* [AIM OF THE EXERCISE]:
Further down are entries; set down exactly and only the lines from the one with "NEWER BLOOMFIELD HILLS" up to and including the one with "Sold Comp 2", dropping each picture.
═════ RECORDS FOR PROCESSING ═════
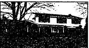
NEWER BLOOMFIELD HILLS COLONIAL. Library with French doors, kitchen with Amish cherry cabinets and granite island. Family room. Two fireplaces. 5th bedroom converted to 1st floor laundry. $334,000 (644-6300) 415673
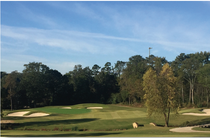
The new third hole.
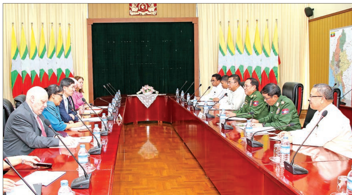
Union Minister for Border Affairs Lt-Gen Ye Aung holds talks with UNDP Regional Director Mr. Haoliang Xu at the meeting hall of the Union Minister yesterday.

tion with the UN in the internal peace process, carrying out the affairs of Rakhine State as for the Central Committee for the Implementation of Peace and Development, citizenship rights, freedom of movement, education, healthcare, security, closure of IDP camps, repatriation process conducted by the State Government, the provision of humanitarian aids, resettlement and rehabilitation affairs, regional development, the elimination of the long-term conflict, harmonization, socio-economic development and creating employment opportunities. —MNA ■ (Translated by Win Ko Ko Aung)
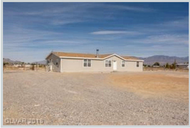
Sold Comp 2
═════
═════ RECORDS FOR PROCESSING ═════
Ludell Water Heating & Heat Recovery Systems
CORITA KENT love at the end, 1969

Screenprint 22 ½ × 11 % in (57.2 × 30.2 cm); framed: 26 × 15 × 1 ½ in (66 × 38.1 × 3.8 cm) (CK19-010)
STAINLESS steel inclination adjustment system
═════
* [RESULT]:
NEWER BLOOMFIELD HILLS COLONIAL. Library with French doors, kitchen with Amish cherry cabinets and granite island. Family room. Two fireplaces. 5th bedroom converted to 1st floor laundry. $334,000 (644-6300) 415673
The new third hole.
Union Minister for Border Affairs Lt-Gen Ye Aung holds talks with UNDP Regional Director Mr. Haoliang Xu at the meeting hall of the Union Minister yesterday.

tion with the UN in the internal peace process, carrying out the affairs of Rakhine State as for the Central Committee for the Implementation of Peace and Development, citizenship rights, freedom of movement, education, healthcare, security, closure of IDP camps, repatriation process conducted by the State Government, the provision of humanitarian aids, resettlement and rehabilitation affairs, regional development, the elimination of the long-term conflict, harmonization, socio-economic development and creating employment opportunities. —MNA ■ (Translated by Win Ko Ko Aung)
Sold Comp 2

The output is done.